Regression – Where Does the Misconception that Y Must Be Normally Distributed Come From?

dependent variableleast squareslinear modelregression

Seemingly reputable sources claim that the dependent variable must be normally distributed:

Model assumptions: $Y$ is normally distributed, errors are normally
distributed, $e_i \sim N(0,\sigma^2)$, and independent, and $X$ is fixed, and
constant variance $\sigma^2$.

Penn State, STAT 504 Analysis of Discrete Data

Secondly, the linear regression analysis requires all variables to be
multivariate normal.

StatisticsSolutions, Assumptions of Linear Regression

This is appropriate when the response variable has a normal
distribution

Wikipedia, Generalized linear model

Is there a good explanation for how or why this misconception has spread? Is its origin known?

Related

Best Answer

'Y must be normally distributed'

must?


In the cases that you mention it is sloppy language (abbreviating 'the error in Y must be normally distributed'), but they don't really (strongly) say that the response must be normally distributed, or at least it does not seem to me that their words were intended like that.

The Penn State course material

speaks about "a continuous variable $Y$", but also about "$Y_i$" as in $$E(Y_i) = \beta_0 + \beta_1 x_i$$ where we could regard $Y_i$, which is as amoeba called in the comments 'conditional', normally distributed,

$$Y_i \sim N(\beta_0 + \beta_1x_i,\sigma^2)$$

The article uses $Y$ and $Y_i$ interchangeably. Throughout the entire article one speaks about the 'distribution of Y', for instance:

  • when explaining some variant of GLM (binary logistic regression),

    Random component: The distribution of $Y$ is assumed to be $Binomial(n,\pi)$,...

  • in some definition

    Random Component – refers to the probability distribution of the response variable ($Y$); e.g. normal distribution for $Y$ in the linear regression, or binomial distribution for $Y$ in the binary logistic regression.

however at some other point they also refer to $Y_i$ instead of $Y$:

  • The dependent variable $Y_i$ does NOT need to be normally distributed, but it typically assumes a distribution from an exponential family (e.g. binomial, Poisson, multinomial, normal,...)

The statisticssolutions webpage

is an extremely brief, simplified, stylized description. I am not sure you should take this serious. For instance, it speaks about

..requires all variables to be multivariate normal...

so that is not just the response variable,

and also the the 'multivariate' descriptor is vague. I am not sure how to get that interpreted.

The wikipedia article

has an additional context explained in brackets:

Ordinary linear regression predicts the expected value of a given unknown quantity (the response variable, a random variable) as a linear combination of a set of observed values (predictors). This implies that a constant change in a predictor leads to a constant change in the response variable (i.e. a linear-response model). This is appropriate when the response variable has a normal distribution (intuitively, when a response variable can vary essentially indefinitely in either direction with no fixed "zero value", or more generally for any quantity that only varies by a relatively small amount, e.g. human heights).
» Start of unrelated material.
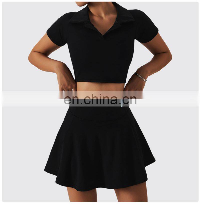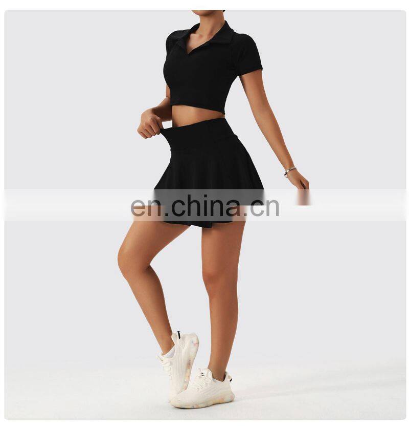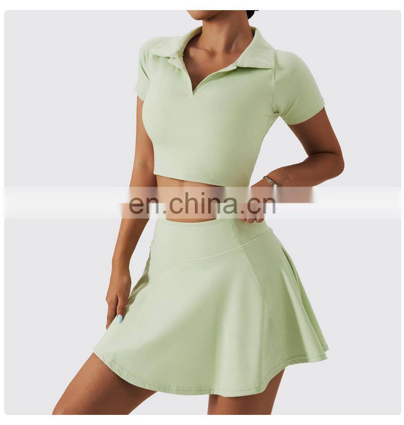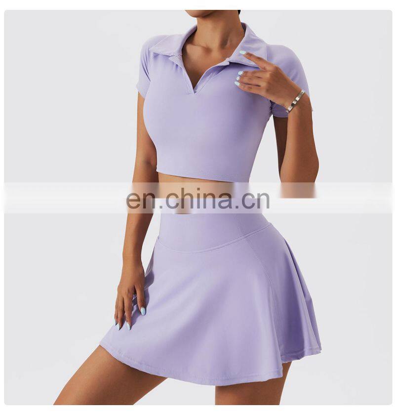 Fashion New Style Two Piece Lapel Racerback Sports Bra High Waist Pleated Mini Skirt Golft Tennis Outdoor Fitness Wear Yoga SetUS$ 17.45 - 17.45MOQ: 500 Sets
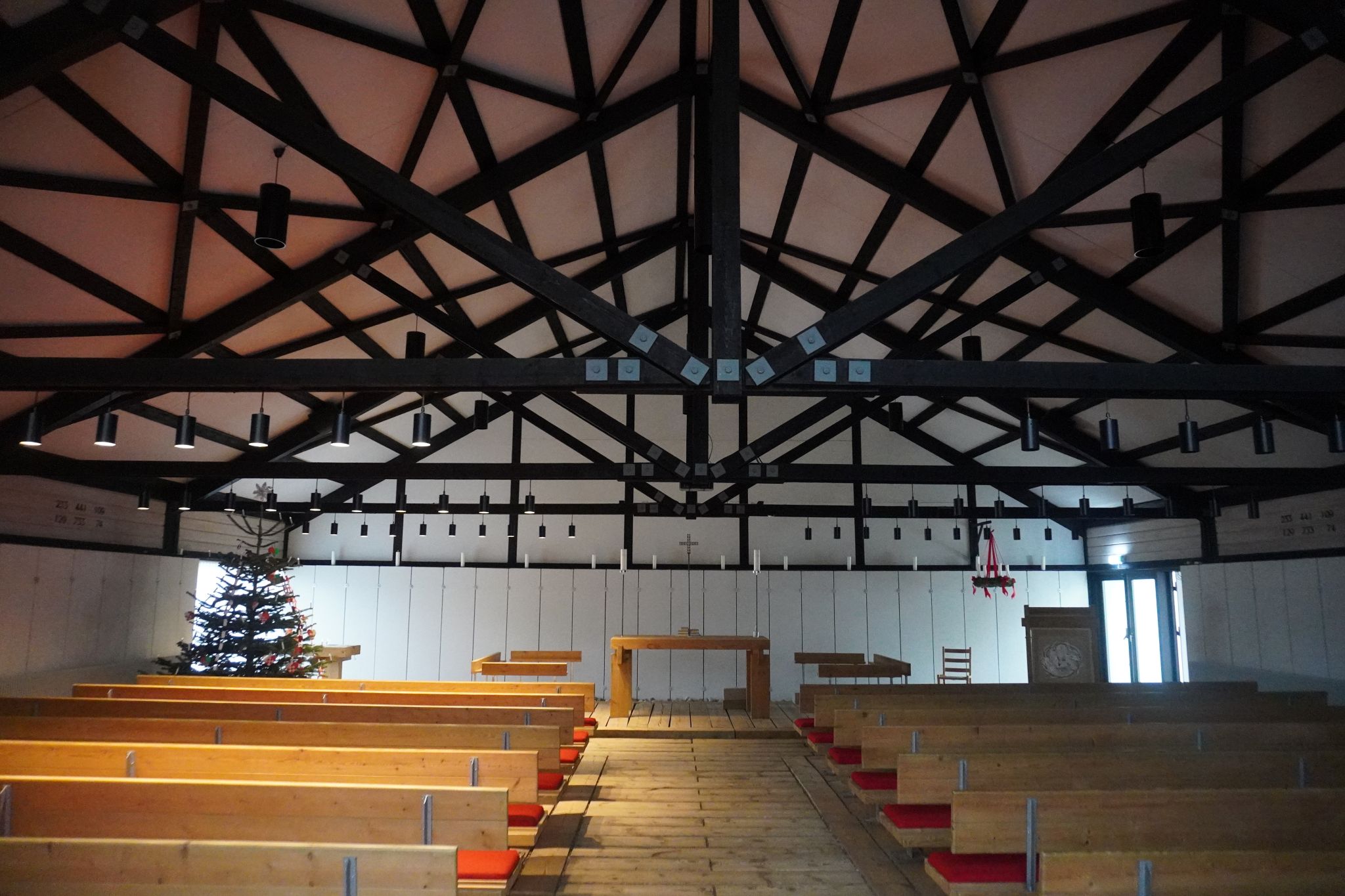 Det sorte bærende loftsparti med små lysspots der et tilføjet, giver en stærk kontrast til fyrretræsmøblerne i den lille kirke.

This 'no fixed zero value' seems to point to the case that a linear combination $y+\epsilon$ when $\epsilon \sim N(0,\sigma)$ has an infinite domain (from minus infinity to plus infinity) whereas often many variables have some finite cut-off value (such as counts not allowing negative values).

The particular line has been added on March 8 2012, but note that the first line of the Wikipedia article still reads "a flexible generalization of ordinary linear regression that allows for response variables that have error distribution models other than a normal distribution" and is not so much (not everywhere) wrong.


Conclusion

So, based on these three examples (which indeed could generate misconceptions, or at least could be misunderstood) I would not say that "this misconception has spread". Or at least it does not seem to me that the intention of those three examples is to argue that Y must be normally distributed (although I do remember this issue has arised before here on stackexchange, the swap between normally distributed errors and normally distributed response variable is easy to make).

So, the assumption that 'Y must be normally distributed' seems to me not like a widespread believe/misconception (as in something that spreads like a red herring), but more like a common error (which is not spread but made independently each time).


Additional comment

An example of the mistake on this website is in the following question

What if residuals are normally distributed, but y is not?

I would consider this as a beginners question. It is not present in the materials like the Penn State course material, the Wikipedia website, and recently noted in the comments the book 'Extending the Linear Regression with R'.

The writers of those works do correctly understand the material. Indeed, they use phrases such as 'Y must be normally distributed', but based on the context and the used formulas you can see that they all mean 'Y, conditional on X, must be normally distributed' and not 'the marginal Y must be normally distributed'. They are not misconceiving the idea themselves, and at least the idea is not widespread among statisticians and people that write books and other course materials. But misreading their ambiguous words may indeed cause the misconception.